======== DATA FOR REVIEW ========
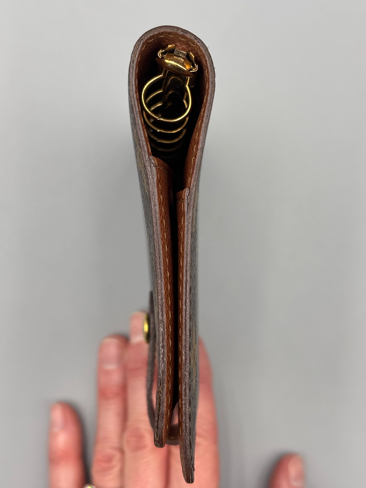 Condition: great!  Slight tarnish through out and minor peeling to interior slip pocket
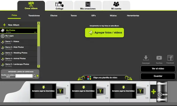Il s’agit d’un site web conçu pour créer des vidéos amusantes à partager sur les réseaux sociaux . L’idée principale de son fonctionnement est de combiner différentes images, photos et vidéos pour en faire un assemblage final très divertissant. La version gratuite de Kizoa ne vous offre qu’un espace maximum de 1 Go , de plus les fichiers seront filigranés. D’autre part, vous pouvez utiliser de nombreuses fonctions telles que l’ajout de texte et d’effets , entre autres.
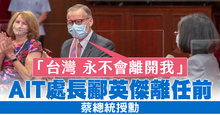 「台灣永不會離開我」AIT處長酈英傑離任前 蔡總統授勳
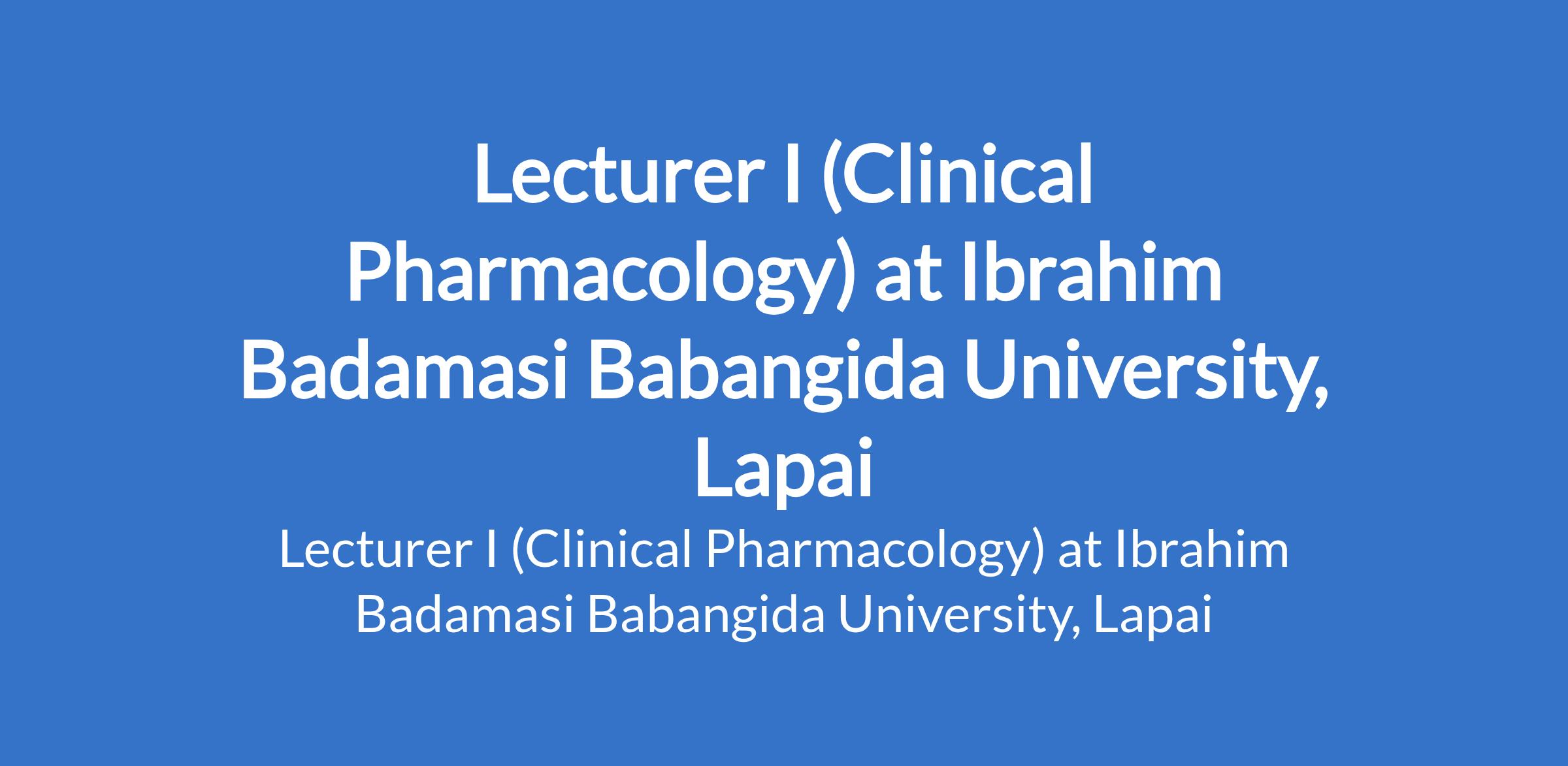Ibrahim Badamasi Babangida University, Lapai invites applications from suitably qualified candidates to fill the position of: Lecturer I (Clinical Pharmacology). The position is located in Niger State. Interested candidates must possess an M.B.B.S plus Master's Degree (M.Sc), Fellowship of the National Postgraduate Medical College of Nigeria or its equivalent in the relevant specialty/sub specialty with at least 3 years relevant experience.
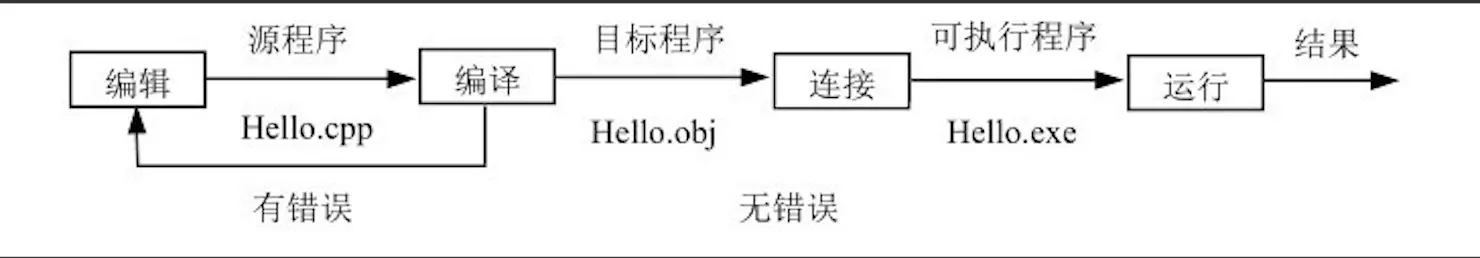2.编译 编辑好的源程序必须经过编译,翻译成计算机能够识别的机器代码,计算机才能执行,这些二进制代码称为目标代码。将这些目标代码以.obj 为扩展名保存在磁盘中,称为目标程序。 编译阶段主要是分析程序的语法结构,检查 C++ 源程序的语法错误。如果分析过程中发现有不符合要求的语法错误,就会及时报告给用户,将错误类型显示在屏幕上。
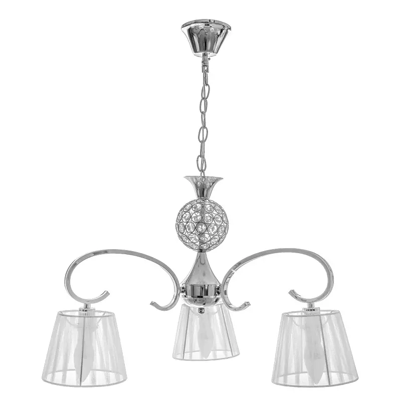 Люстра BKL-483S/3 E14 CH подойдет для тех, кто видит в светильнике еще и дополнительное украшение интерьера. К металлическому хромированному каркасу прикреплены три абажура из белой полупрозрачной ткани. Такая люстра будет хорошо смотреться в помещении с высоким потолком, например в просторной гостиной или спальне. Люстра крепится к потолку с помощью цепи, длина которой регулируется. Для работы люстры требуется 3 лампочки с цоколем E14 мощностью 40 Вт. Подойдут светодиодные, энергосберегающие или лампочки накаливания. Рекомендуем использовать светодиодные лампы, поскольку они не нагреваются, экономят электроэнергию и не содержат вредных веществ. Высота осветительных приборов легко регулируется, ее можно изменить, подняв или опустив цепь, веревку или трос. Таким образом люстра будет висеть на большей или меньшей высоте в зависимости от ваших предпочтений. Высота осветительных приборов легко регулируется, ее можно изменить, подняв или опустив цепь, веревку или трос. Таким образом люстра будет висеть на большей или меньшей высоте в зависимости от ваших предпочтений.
========
TASK BRIEF
Retype the records in full, exactly as given, and omit the pictures.

SOLUTION FOR THIS TASK
 Condition: great!  Slight tarnish through out and minor peeling to interior slip pocket
Il s’agit d’un site web conçu pour créer des vidéos amusantes à partager sur les réseaux sociaux . L’idée principale de son fonctionnement est de combiner différentes images, photos et vidéos pour en faire un assemblage final très divertissant. La version gratuite de Kizoa ne vous offre qu’un espace maximum de 1 Go , de plus les fichiers seront filigranés. D’autre part, vous pouvez utiliser de nombreuses fonctions telles que l’ajout de texte et d’effets , entre autres.
 「台灣永不會離開我」AIT處長酈英傑離任前 蔡總統授勳
Ibrahim Badamasi Babangida University, Lapai invites applications from suitably qualified candidates to fill the position of: Lecturer I (Clinical Pharmacology). The position is located in Niger State. Interested candidates must possess an M.B.B.S plus Master's Degree (M.Sc), Fellowship of the National Postgraduate Medical College of Nigeria or its equivalent in the relevant specialty/sub specialty with at least 3 years relevant experience.
2.编译 编辑好的源程序必须经过编译,翻译成计算机能够识别的机器代码,计算机才能执行,这些二进制代码称为目标代码。将这些目标代码以.obj 为扩展名保存在磁盘中,称为目标程序。 编译阶段主要是分析程序的语法结构,检查 C++ 源程序的语法错误。如果分析过程中发现有不符合要求的语法错误,就会及时报告给用户,将错误类型显示在屏幕上。
 Люстра BKL-483S/3 E14 CH подойдет для тех, кто видит в светильнике еще и дополнительное украшение интерьера. К металлическому хромированному каркасу прикреплены три абажура из белой полупрозрачной ткани. Такая люстра будет хорошо смотреться в помещении с высоким потолком, например в просторной гостиной или спальне. Люстра крепится к потолку с помощью цепи, длина которой регулируется. Для работы люстры требуется 3 лампочки с цоколем E14 мощностью 40 Вт. Подойдут светодиодные, энергосберегающие или лампочки накаливания. Рекомендуем использовать светодиодные лампы, поскольку они не нагреваются, экономят электроэнергию и не содержат вредных веществ. Высота осветительных приборов легко регулируется, ее можно изменить, подняв или опустив цепь, веревку или трос. Таким образом люстра будет висеть на большей или меньшей высоте в зависимости от ваших предпочтений. Высота осветительных приборов легко регулируется, ее можно изменить, подняв или опустив цепь, веревку или трос. Таким образом люстра будет висеть на большей или меньшей высоте в зависимости от ваших предпочтений.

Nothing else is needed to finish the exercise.